Exercise details |
Look for "foot" in every line of the listing. Copy the lines that have it.

Records provided |
---

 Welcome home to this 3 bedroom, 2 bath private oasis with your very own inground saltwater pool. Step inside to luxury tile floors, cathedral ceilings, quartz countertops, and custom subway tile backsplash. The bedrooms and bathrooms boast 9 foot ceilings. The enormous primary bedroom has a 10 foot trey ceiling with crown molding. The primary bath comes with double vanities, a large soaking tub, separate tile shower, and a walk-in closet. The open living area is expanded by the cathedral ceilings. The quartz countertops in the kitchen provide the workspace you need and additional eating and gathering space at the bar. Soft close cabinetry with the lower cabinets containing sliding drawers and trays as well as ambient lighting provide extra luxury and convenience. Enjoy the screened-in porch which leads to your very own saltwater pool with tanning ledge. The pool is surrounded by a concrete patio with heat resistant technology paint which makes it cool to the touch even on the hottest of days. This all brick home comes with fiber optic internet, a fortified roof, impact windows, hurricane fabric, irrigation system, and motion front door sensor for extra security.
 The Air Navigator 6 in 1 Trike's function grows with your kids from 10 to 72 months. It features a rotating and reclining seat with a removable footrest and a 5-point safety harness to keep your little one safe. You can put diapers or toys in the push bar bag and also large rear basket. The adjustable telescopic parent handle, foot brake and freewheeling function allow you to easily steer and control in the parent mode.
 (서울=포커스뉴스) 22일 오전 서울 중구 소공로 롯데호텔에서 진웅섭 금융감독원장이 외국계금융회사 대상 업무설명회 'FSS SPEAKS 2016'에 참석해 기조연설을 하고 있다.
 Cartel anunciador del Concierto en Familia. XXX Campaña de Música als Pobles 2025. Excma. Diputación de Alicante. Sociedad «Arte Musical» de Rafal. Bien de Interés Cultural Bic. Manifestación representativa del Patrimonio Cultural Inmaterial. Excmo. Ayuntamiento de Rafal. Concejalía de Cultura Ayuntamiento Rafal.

---

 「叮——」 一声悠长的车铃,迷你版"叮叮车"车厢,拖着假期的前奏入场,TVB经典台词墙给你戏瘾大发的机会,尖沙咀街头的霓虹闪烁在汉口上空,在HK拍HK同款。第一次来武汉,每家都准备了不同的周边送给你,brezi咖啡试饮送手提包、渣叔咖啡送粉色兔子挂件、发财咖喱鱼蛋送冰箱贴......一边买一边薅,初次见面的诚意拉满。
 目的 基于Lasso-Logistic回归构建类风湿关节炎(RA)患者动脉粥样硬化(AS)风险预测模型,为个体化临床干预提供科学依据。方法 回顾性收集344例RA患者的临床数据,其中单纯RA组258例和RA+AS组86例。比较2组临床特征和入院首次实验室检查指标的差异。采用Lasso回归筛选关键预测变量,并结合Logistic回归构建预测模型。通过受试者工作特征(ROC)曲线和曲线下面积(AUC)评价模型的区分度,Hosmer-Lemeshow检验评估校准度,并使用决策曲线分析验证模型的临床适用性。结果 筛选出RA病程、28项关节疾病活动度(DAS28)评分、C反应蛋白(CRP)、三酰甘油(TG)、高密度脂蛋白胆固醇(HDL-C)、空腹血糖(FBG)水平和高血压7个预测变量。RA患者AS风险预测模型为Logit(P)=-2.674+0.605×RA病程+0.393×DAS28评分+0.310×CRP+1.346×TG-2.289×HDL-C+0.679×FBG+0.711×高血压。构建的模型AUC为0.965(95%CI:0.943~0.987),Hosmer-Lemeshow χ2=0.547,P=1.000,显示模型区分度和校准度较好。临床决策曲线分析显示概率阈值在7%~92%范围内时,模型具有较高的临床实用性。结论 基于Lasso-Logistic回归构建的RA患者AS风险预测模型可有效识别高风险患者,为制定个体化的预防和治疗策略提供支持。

---

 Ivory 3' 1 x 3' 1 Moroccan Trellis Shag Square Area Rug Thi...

---

Solution to this exercise |
 Welcome home to this 3 bedroom, 2 bath private oasis with your very own inground saltwater pool. Step inside to luxury tile floors, cathedral ceilings, quartz countertops, and custom subway tile backsplash. The bedrooms and bathrooms boast 9 foot ceilings. The enormous primary bedroom has a 10 foot trey ceiling with crown molding. The primary bath comes with double vanities, a large soaking tub, separate tile shower, and a walk-in closet. The open living area is expanded by the cathedral ceilings. The quartz countertops in the kitchen provide the workspace you need and additional eating and gathering space at the bar. Soft close cabinetry with the lower cabinets containing sliding drawers and trays as well as ambient lighting provide extra luxury and convenience. Enjoy the screened-in porch which leads to your very own saltwater pool with tanning ledge. The pool is surrounded by a concrete patio with heat resistant technology paint which makes it cool to the touch even on the hottest of days. This all brick home comes with fiber optic internet, a fortified roof, impact windows, hurricane fabric, irrigation system, and motion front door sensor for extra security.
 The Air Navigator 6 in 1 Trike's function grows with your kids from 10 to 72 months. It features a rotating and reclining seat with a removable footrest and a 5-point safety harness to keep your little one safe. You can put diapers or toys in the push bar bag and also large rear basket. The adjustable telescopic parent handle, foot brake and freewheeling function allow you to easily steer and control in the parent mode.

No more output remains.